%Constructing data-driven Markov Chains with Matlab
%Example 3.
%(JESSE DORRESTIJN, 7 June 2016)
% Let us now introduce conditioning. Imagine that the transition
% probabilities depend on a certain variable X. Then, the Markov chain
% becomes a Conditional Markov Chain, because it is conditioned on X. The
% observational data now consists of a sequence y_obs (as was the case in
% example 1 and 2) and an additional sequence X_obs. After construction of
% the Conditional Markov Chain, an additional sequence X should be
% available, e.g. X=X_obs.
%
clear
clc
close all
%YOUR INPUT:
M = 5; %Number of states of the sequence X.
N = 5; %Number of states of the Markov chain.
L = 100000; %length of observational sequence.
T = 1000; %Plot the first T states of the sequence. T should be smaller than L.
%First we produce two sequence that we later use as observational data
%for the construction of the Markov chain: y_obs and X_obs.
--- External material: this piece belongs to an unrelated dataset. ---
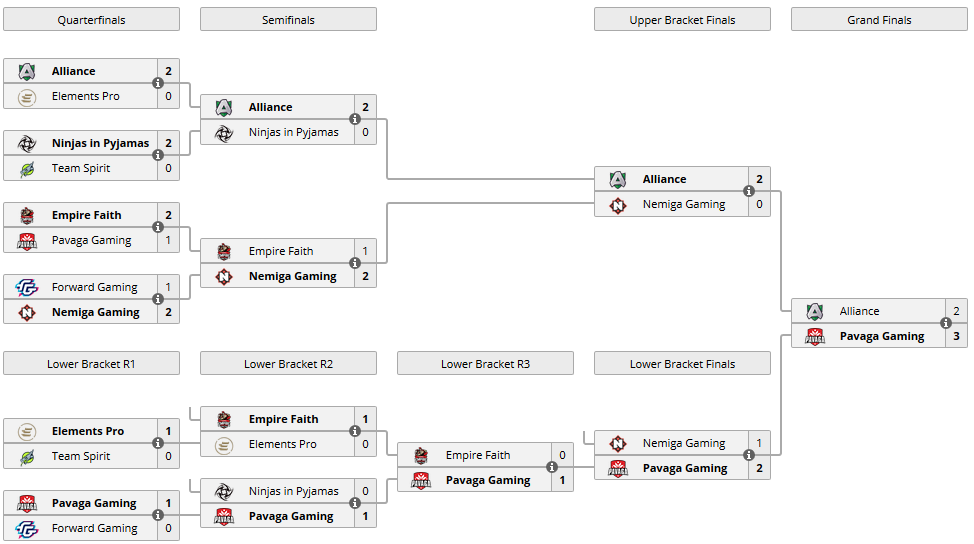 16:00 Team Empire Faith 1:0 EPG / Второй раунд нижней сетки18:00 Pavaga 1:0 Forward / Первый раунд нижней сетки19:15 Alliance 2:0 Nemiga / Финал верхней сетки21:30 Ninjas in Pyjamas 0:1 Pavaga / Второй раунд нижней сетки22:45 Pavaga 1:0 Team Empire Faith / Третий раунд нижней сетки00:00 Pavaga 2:1 Nemiga / Финал нижней сетки

y_obs = zeros(L,1); %y_obs will be the input or OBServational sequence.
PX = zeros(N,N,M);
PX_cum = PX;
for k = 1:M %For each of the M states of X, we produce a sequence with
P = rand(N); %transition matrix used to construct input sequence.
for j=1:N
P(:,j) = P(:,j)*(N-j+1)^((M-k)*(M-k));
end
P_cum = P;
for j=2:N
P_cum(:,j) = P_cum(:,j-1) + P(:,j); %cumulative version of P.
end
for j=1:N
P(:,j) = P(:,j)./P_cum(:,N); %Normalize transition matrix
end
P_cum = P;
for j=2:N
P_cum(:,j) = P_cum(:,j-1) + P(:,j); %normalized cumulative version of P.
end
PX(:,:,k) = P;
PX_cum(:,:,k) = P_cum;
end
%Construct sequence for X:
Q = rand(M); %transition matrix used to construct input sequence.
Q = Q+Q.*eye(M)*100;
Q_cum = Q;
for j=2:M
Q_cum(:,j) = Q_cum(:,j-1) + Q(:,j); %cumulative version of P.
end
for j=1:M
Q(:,j) = Q(:,j)./Q_cum(:,M); %Normalize transition matrix
end
Q_cum = Q;
for j=2:M
Q_cum(:,j) = Q_cum(:,j-1) + Q(:,j); %normalized cumulative version of P.
end
X_obs = zeros(L,1);
X_obs(1) = 1; %sequence starts with a 1.
for t=1:L-1 %construct entire sequence X_obs
r = rand;
X_obs(t+1) = sum(r>Q_cum(X_obs(t),:))+1;
end
y_obs(1) = 1; %sequence starts with a 1;
for t=1:L-1 %construct entire sequence y_obs
r = rand;
y_obs(t+1) = sum(r>PX_cum(y_obs(t),:,X_obs(t)))+1;
end
%Plot the sequence of the observations:
figure(1)
subplot(3,1,1)
plot(y_obs(1:T)) %plot the first T states of the sequence y_obs
hold on
plot(X_obs(1:T),'r--'); %plot the first T states of the sequence X_obs
xlim([-10 T+10])
ylim([0.5 N+0.5])
set(gca,'YTick',1:N)
xlabel('observations')
ylabel('state')
%%
%Estimation of transition probability matrix of Markov Chain.
P_MC = zeros(N,N);
for t=1:L-1
P_MC(y_obs(t),y_obs(t+1))= P_MC(y_obs(t),y_obs(t+1))+1;
end
P_MC_cum = P_MC;
for j=2:N
P_MC_cum(:,j) = P_MC_cum(:,j-1) + P_MC(:,j); %cumulative version of P.
end
for j=1:N
P_MC(:,j) = P_MC(:,j)./P_MC_cum(:,N); %Normalize transition matrix
end
P_MC_cum = P_MC;
for j=2:N
P_MC_cum(:,j) = P_MC_cum(:,j-1) + P_MC(:,j); %normalized cumulative version of P.
end
%%
%Produce sequence with the Markov chain.
y_MC = zeros(L,1); %y_obs will be the input or OBServational sequence.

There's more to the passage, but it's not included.